На завтрак ели грибной суп. Лена лукаво поглядывала на экспрессивную пару, явно радуясь, что Гена не сидит, как обычно, насупившись, а иногда даже застенчиво улыбается. Пятилитровая кастрюля, которую мама наварила на всю неделю, закончилась неожиданно быстро. Серега с Леной засобирались, любительница гимнов тоже не стала засиживаться. Провожать их Бугаев не пошел – лег спать. Вечером надо было заступать на дежурство в клубе, где должна была состояться настоящая дискотека – с прожекторами, записями Бони Эм и группой товарищей в штатском.

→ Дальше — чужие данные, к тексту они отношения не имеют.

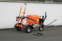 Barrel spraying machine trailer version for processing asphalt emulsions and adhesives directly out of the barrel with diesel-hydraulically driven binder pump.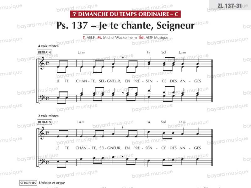 11. Psaume 137 - Je te chante, Seigneur (5e dim. ordinaire – C)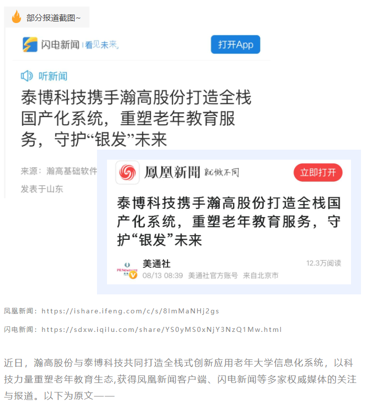 ° 领导驾驶舱 3.0 动态可视化呈现招生率、课程热度等 15 类核心指标,为决策提供数据支撑° 电子班牌实时同步课表,人脸考勤 1 秒识别,减少老年学员操作负担° 志愿服务平台实现“报名-考勤-积分兑换”全流程管理泰博科技与瀚高股份的技术协同已在山东落地生根。山东老年大学正式上线该系统,今年6月份在近 1 万用户高并发招生中,报名、缴费、分班全流程顺畅完成,排课效率提升 90%,学期故障率 < 0.1%,行政人员从重复工作中解放,得以聚焦教学质量提升。同时,济南老年人大学正在部署该系统,预计今年 8 月底正式投入使用。届时,济南的老年学员将体验到 “线上报名零跑腿、在线上课低延迟、服务全程有温度” 的数字化校园服务。从山东到全国,泰博科技与瀚高股份的合作,不仅响应了国家应用创新政策要求,更以本土化技术+场景化创新重塑了老年教育的服务形态。正如泰博技术负责人所言“这套系统让老年教育既守住了安全底线,又突破了服务边界,真正实现了让每个银发身影都能共享数字红利”。未来,随着更多老年大学的加入,全栈应用创新的“智慧银龄”生态将持续扩容,为千万老年人的 “终身学习” 梦想插上科技翅膀。

23 сентября. Москва. Тверская
Из дома Гена вышел уже человеком. С работы он отпросился и решил пройтись по своему традиционному маршруту – через Горького мимо Белорусского на Пушкинскую. Тверской улицу своего детства Бугаев так и не привык называть.
На мосту через железную дорогу Гена остановился. Тут, возле будки «Спортлото», они с Серегой подолгу стояли, глядя на поезда, и спорили про будущее. Серега, как всегда, оказался прав. Только вот теперь и поспорить стало не с кем.
Дальнейший отрезок пути Гена почти пробежал – очень не любил привокзальную суету – и, свернув с Тверской в большую арку, углубился в знакомые кварталы. Гулять здесь он привык с юности, но в последнее время особой радости это не доставляло. Москва была чужая. Теперь она принадлежала другим – крепким, настырным, удачливым. Старую Москву они сберегать для потомков не собирались, это был не их город. Жили они в нем не потому, что любили его, а потому что так было ближе к кормушке. Впрочем, Бугаев никогда всерьез не испытывал неприязни к новым хозяевам города. Жизнь – это янь и инь. Он хорошо помнил, как Москва в свое время чуть не захлебнулась в грязи. Ценой за чистоту и блеск стали копья шлагбаумов, которыми ощетинились старые московские дворики. Сколько бы он дал, чтобы вновь побродить по нетронутым заветным уголкам, пусть даже натыкаясь на бутылки и жестянки. Но дворики вычистили, вылизали – не дворики стали, а конфетки. От которых Гену почему-то воротило.